Andrew Holman Hamilton (June 7, 1834 – May 9, 1895) was an American lawyer and politician who served two terms as a politician from Indiana who served in the United States House of Representatives from 1875 to 1879.

==Early life and career ==
He was born in Fort Wayne, Indiana, June 7, 1834, the oldest son of Allen Hamilton, an Irish immigrant and local banker. Hamilton attended the common schools and graduated from Wabash College in Crawfordsville in 1854. Hamilton studied law at Harvard University. After being admitted to the bar in 1859, he began to practice law in Fort Wayne.

=== Personal life ===
Hamilton married Phoebe Taber in 1851. The couple had five children.

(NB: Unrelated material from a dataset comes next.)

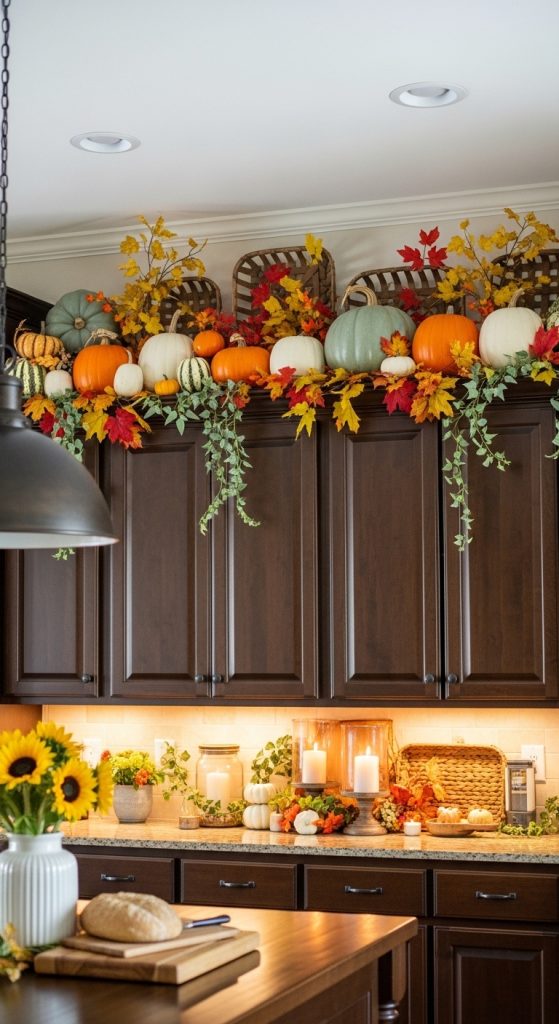 Rotate decorations above cabinets based on the season or holiday. For fall, use pumpkins and dried leaves; for winter, add pine sprigs and ornaments; spring and summer can include fresh flowers or pastel décor.
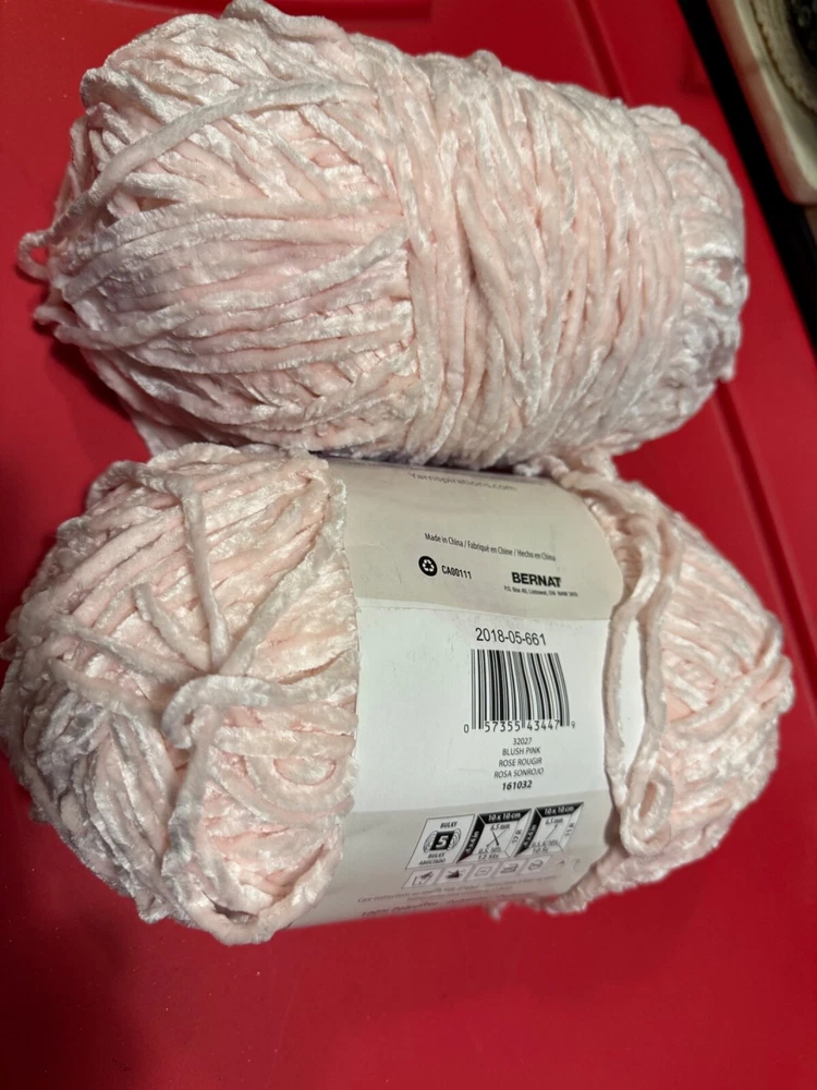 2 Skeins (or almost; one wrapper is missing) of Yarnspirations Bernat Velvet Yarn, Color Blush Pink. 1 skein is 220 yards. From the Yarnspirations website: A luxurious, soft, cozy yarn, Bernat Blanket is a chenille-style yarn perfect for home décor projects. From blankets, to crochet baskets, Blanket is ideal for a wide range of projects. Its super bulky weight stitches up quickly, making it a great choice for Afghans and blankets. Available in a wide range of solid and variegate shades to compliment your home décor. Coveniently machine washable and dryable.

He is the uncle of Edith Hamilton and Alice Hamilton.

==Political career==
He was elected as a Democrat to the Forty-fourth and Forty-fifth Congresses (March 4, 1875 – March 3, 1879). After his term in the House, he resumed the practice of law.

==Death==
Hamilton died in Fort Wayne on May 9, 1895. He is interred in Lindenwood Cemetery.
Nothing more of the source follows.